In view of these advantages the majority of firms do, in fact, divide the overall market into segments in order to concentrate on the target groups which are likely to prove most worthwhile. However, a segmentation strategy is not worthwhile in three situations:

  • where the heavy users account for such a high proportion of sales that they are the only segment worth targeting;

  • where the dominant product or brand accounts for such a high proportion of sales that there is no point in segmenting the market any further;

  • where the total market is in itself worth so little that it is not economic to pursue sales in smaller market segments.

Read text 6 and complete the sentences given after it.

Text 6. Market Positioning

Once a strategy has been chosen, the firm then has to decide what market posi­tion each of its products or services will occupy, relative to those of its com­petitors, within a particular market segment. Ideally, any product or service should stand out from the competition and thus occupy a unique position in the market by virtue of its better quality, design, performance, reliability or some other advantage. In other words, it should offer a unique selling proposi­tion (USP): an aspect or feature which sets it apart from the rest of the competition.
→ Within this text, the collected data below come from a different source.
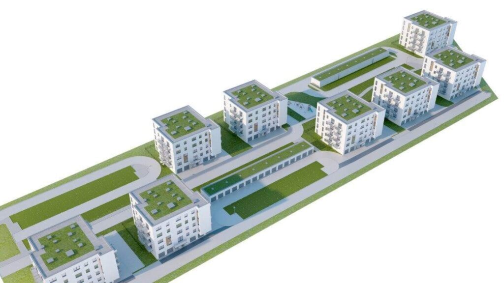 Budynki o jasnej elewacji i regularnej bryle, pasujące do nowoczesnego charakteru rozwijającej się okolicy.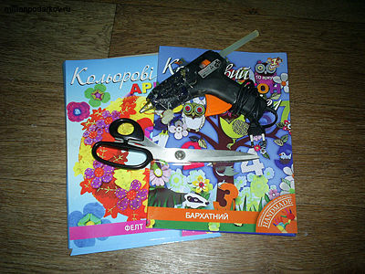 Для того чтобы сделать фиалки, нам пригодились такие материалы, как набор фетровой бумаги и бархатной бумаги, клеящий термопистолет и ножницы.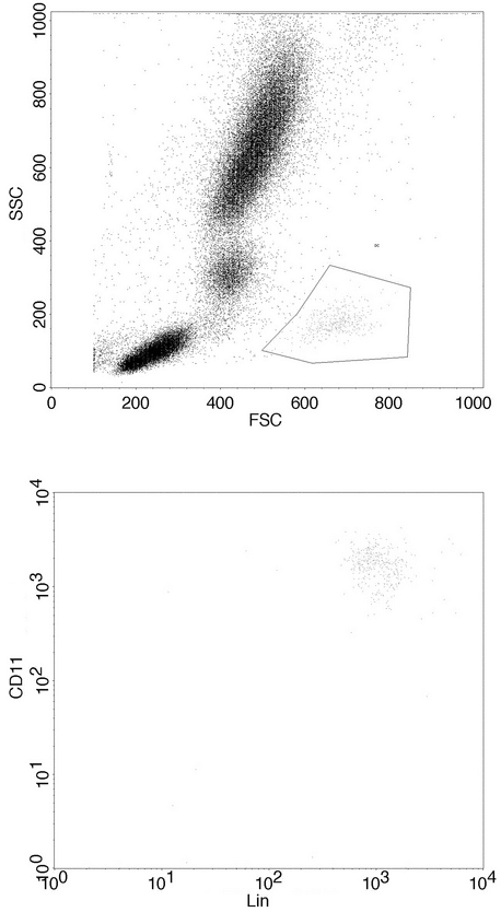 Figure 7. Gating of a cell population with low side scatter and high forward scatter, which is distinct from other cell populations in the sample.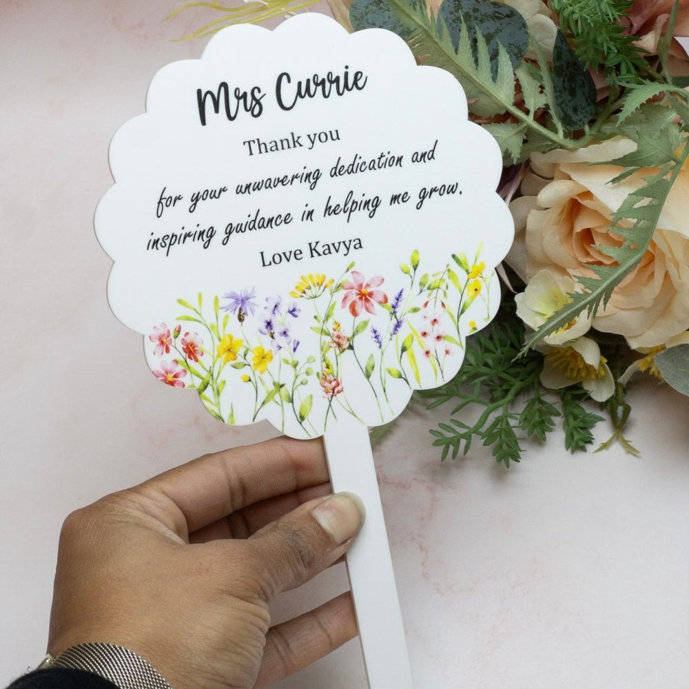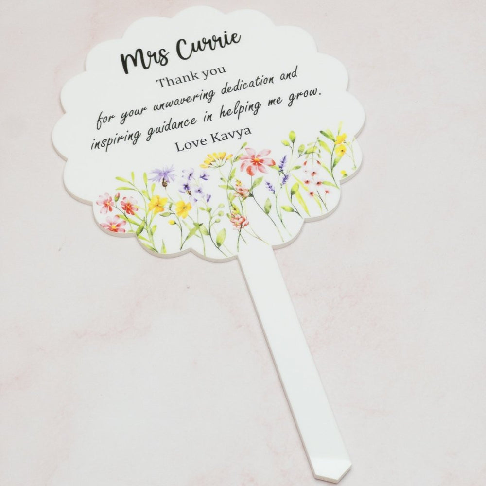 Our unique Planter Stick, crafted from durable 3mm acrylic, and customizable with your own personalized message. Whether you place them in a flower pot or amidst a lovely bunch of flowers, these sticks serve as a wonderful keepsake for plant lovers. Add a touch of sentiment to your greenery with our one-of-a-kind Planter Stick.

In reality, products which have been on the market for some time invariably become very similar to each other as each firm has time to find out exactly what features the market wants. Many products are now so similar in all important respects that they are essentially parity products, i.e. products that are 'at par' with each other. Brands of shampoo, for instance, are all basically the same apart from slight variations in additives. The differences lie more in the way each shampoo is packaged, priced and advertised. Yet these superficial changes are enough to give each brand a distinctive image in the minds of consumers.

This suggests that it probably does not matter too much if the features which distinguish a product from its competitors are real or merely perceived dif­ferences - providing the consumer believes the product is unique in some way. Nevertheless, as market segments become ever more crowded and competitive, the need for products to establish a unique position has never been greater.